I don't want to be Dooce

I've been thinking about this a lot since BlogHer 08. Yes, I do write for BlogHer but no, I did not attend (I've never attended). I followed the Twitter updates and read the blog posts during and after. I read a lot about jealousies, being ignored and not being invited to private parties. And then I read Rita's post, "Jealousy Isn't Always An Ugly Emotion" at BlogHer and all the comments. I simply don't get it. I don't get being jealous of another blogger - not for their traffic, not for their content, not for their income, not for the opportunities their blogs generate. I really don't understand why anyone else is either. And I really don't understand the hatred directed at other bloggers because they have any or all of those things.

Are there bloggers I like? You betcha! Some of them I know either online or in real life but for most I fall into the Fangirl spot. Not everyone is going to be my friend and that's fine. I don't want to be friends with someone just because they are cool or write well. I really don't want to be friends with someone just because they are popular.

I can clearly remember the day that I decided that.

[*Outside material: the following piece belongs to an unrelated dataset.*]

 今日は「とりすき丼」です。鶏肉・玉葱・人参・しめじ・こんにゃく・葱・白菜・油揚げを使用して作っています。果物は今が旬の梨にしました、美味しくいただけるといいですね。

I was in ninth grade and I hovered on the edges of the popular crowd. I was really too bookish and well, to be honest, too poor to be cool and popular. I didn't wear the right clothes, I didn't watch the right movies, I didn't listen to the right music, I didn't have cable, and I liked books far too much. If I were to classify my position in that group I was a pawn - I moved only in a few directions when commanded. I was the weakest link and easily expendable. One morning before homeroom I was sitting with my back against the lockers surrounded by the cool crowd when I looked around and realized that I had a decision. I could stay there and be the pawn that lives on the edge, frequently ignored except when needed for one of their games while waiting for the day they permanently cast me aside. It would be a life of insecurity. Or I could be the pawn that increased their power and to do that I had to leave. I could be in command of my own movements. I stood up, I walked away and I never looked back. I never regretted it.

It's probably one of the few truly smart things I've done in my life. That and when I stopped getting my hair permed (especially the bangs, OMG the bang perm! *shudder*).

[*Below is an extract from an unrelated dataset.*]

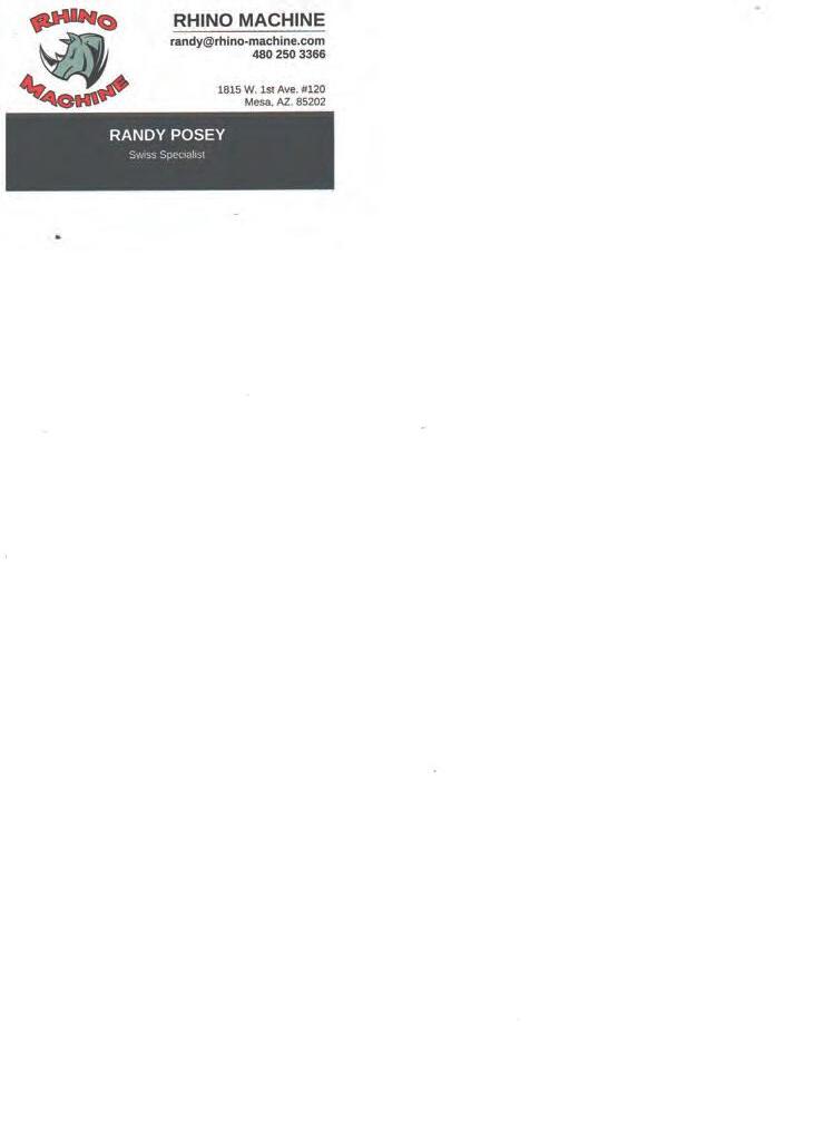 Renishaw............................................40,75 Resell CNC..............................................76 Rhino Board Waterjet..........................92 Rhino Machine......................................89 RMG Machining...............................6,85 RMSS............................ ...........................90 Rolamech Mfg.......................................89 Ron Grob................................................86 Royal Products.................................48,76 S.L. Fusco.................................................75 Samuel, Son & CO................................78 Sav-On Plating .........................90 Schenk Intertech................................... 74 SCHUNK ............................................... 79 Scriven Precision Fab. 82 Select Machining .................................. 88 Service & Sales.......................................92 Shaw Precision 86 Single Source Technologies 73 SMBHub ..................................................61 Sodick 73 Southwest EDM.....................................17 Southwest Swiss Prec........................... 88 SW Waterjet & Laser 39,91 Specialty Turn Products (STP) 12,90 SPRINGWORKS Utah ..................... .93 StarRex Precision 88 Star Metal Fluids 13,76-80 Stellar Industrial.................................... 75 Stevens Engineering .............................77 Stewart Precision Manufacturing 84 Sulli Tool & Supply .........................................79 Superior Grinding...........................44,86 TCI Precision Metals 78 The SMBHub 52 TJ Snow ...........................................................27 TMM Precision 82,85 T-N Machining 88 T.S.M. Mach. ......................................... 73 Takashi Sato 88 Tech Financial Services 69,80 Tech Five Machining ............................87 TechMark................................................ 85 The Metal Man 82,85 The Tool Crib Inc.................................. 79 The Werks C&C.................................... 78 Thinbit...................................................3,79 Thompson Machine 84 Total Quality Sys ....................................77 Totten Tubes 79 Tram-Tek Inc. 88 Tube Service ............................................77 TVT Die Casting 68,85 TW Metals...............................................77 United Performance ............................ 78 Universal CNC Repair 81 U S Shop Tools 76 Uni-Tek ....................................................87 Val-Tech Mfg..........................................84 Valley Machine Works 85 Vero Software......................................... 79 VonRuden..........................................78,80 Wal-Tek Industries 92 Washington Calibration 74 Weiser/Mile High Precision .............. 85 Westcott Designs 66-67 Western Cast Parts 82 Western Sintering Co .......................... 93 Western State Bank 79 Western States Metal 68,80 White’s Niche Products........... 58-59,75 Whitley Machine .......................10,85 Wrico 30,84 Yellowbird.com.......................................81 Zeis Metrology ...................................... 74 Kyocera 76 L&W Machine Co. ............................. 87 Landmark Solutions ......................25,75 Latitude Machinery 74 LAUBE Technology 77 Layke Inc 83 Leach Laser............................................87 LEI Machining ..................................... 88 LK Metrology ....................................... 45 Lone Arrow 76 Louie’s Black Oxide 84,86 LRW Cutting Tools 79 LTM Plastics ....................................60,86 Lucy’s Machine Company ................ 76 LV Swiss 92 Lynch Brothers 86 Machinery Resources 73 Magnum Prec.................... ..11,73-75,95 Makino ................................................... 73 MAKstride ............................................ 83 Manufacturing Technology (MTI) 68 Martin Engineering 81 MarZee 8,85,92 Mario Pinto ........................................... 80 Matrix Machine ..............................82,83 Matsuura 73 Mesa Machinery 66,75 Metalcraft Inc. 87 Metals Eng & Testing Labs ............... 83 Methods West..................................74,75 Metzfab 21,91,93 Midaco Corp 83 Milco 83 Mistras (Semiray) ...........................34,83 Mitutoyo ...........................................57,75 MLC CAD Systems ............................ 80 Moore Tool & Die 84 Morsch Machine 82 MP Systems 76 MPC Machines .................................... 88 NAI Horizon.........................................63 National Grinding & Mfg. 85 Nelson Engineering 62,84 New Angle Media 82 New Mexico Metals ............................ 78 NFP Property & Casualty ................. 80 North-South .........................33,73,74,76 NTK Cutting Tools..............................76 Osborn Products 83,85 P4 Swiss Lindel 87,91 Paragon Machining & Design ......... 89 Paramount Honing Machine........... 87 Perfection Industrial Finishing 90 Phoenix Fab & Design 87 Phoenix Grinding 83 Phoenix Heat Treat ............................. 86 Phoenix Waterjet & Laser ........... 16,90 Phreedom Technologies.............. 69,80 Pilkington Metal Finishing 92 Pioneer Distributing Co. 83 Platinum Registration 10,80 Port Plastics ........................................... 78 Powill Mfg ............................................. 86 PPE Engineering 93 Precision Aerospace 93 Precision Die & Stamping 28,82 Productivity, MMT ........................31,73 Pro Lift Rentals......................................81 PRO-TEK 83 Qualichem, Inc ...................................77 Quality Improvement Consulting........81 Quality Measurement Services..............93 Quality Mold..........................................85 R&D Gage...............................................26 Reiter’s Custom Welding...............18,92 Davis Metals ...................................22,92 DCM Tech............................................74 Delta Technology............................

No, I don't want to be popular/famous/whatever like Dooce/whoever's name you want to put in this spot. Sure the income would be nice but the hate mail wouldn't. The hate blogs wouldn't. The threats wouldn't. The scrutiny wouldn't. The having people wanting to be your friend just because you are famous wouldn't. The people thinking that they are destined to be your BFF because they see a tiny portion of your life wouldn't. No, I'm not jealous of the popular bloggers one bit. I don't hate them. I have a great deal of respect for them but I don't want to be them. I won't put them on a pedestal nor will I treat them with contempt.

Yes, I do make money online. No, it's not enough to live on. And, no it's not directly through this site. And yes, you bet your ass I consider myself fortunate for the money I do make. But I work for it too. I have deadlines to meet and if I don't do the work I don't get paid. It's work that same as my day job is. Or rather what my day job will be when I'm back to working. In case you've never been here before, I'm not working right now and it's not because I'm rolling in online dough. My personal circumstances changed and I quit my job and relocated to a new city (so yeah, being out of work right now my student loan lenders really like my online money). I can make a damn good living in my industry and when I'm working and my online income pales in comparison.

I occasionally get books for free from publishers/marketing/PR folks but I don't do them in exchange for money nor do I promise them a good review. I've only once been offered something other than books to review and I declined (it was poorly pitched).

No one is handing me money just for being here. No one is paying me money to write this. I don't run ads (I have considered it - I might someday after I switch servers). I blog in three places. I write here for many reasons but mostly I write for myself. I write here for many reasons but mostly for myself. I write here and partcipate in this community for many reasons but mostly for myself.

Yes I have writing envy sometimes. There are bloggers who are able to communicate and write in ways that I can only dream of and work towards. They push me to be a better writer and better blogger but not because I want to be them or be like them. I don't want to imitate them. They push me to be a better version of myself - a more open, articulate, and sincere form of myself. The most that I hope for is that someone responds to my writing and my voice.

I think that when we get jealous of people we focus on what or who we're not instead of what or who we are. In a blog people respond to what you write, how you write and mostly who you are. Jealousy only diminishes that. Somedays I wish someone would explain to me why anyone would want to be anyone but who they are but even if they did I don't think I'd ever understand it.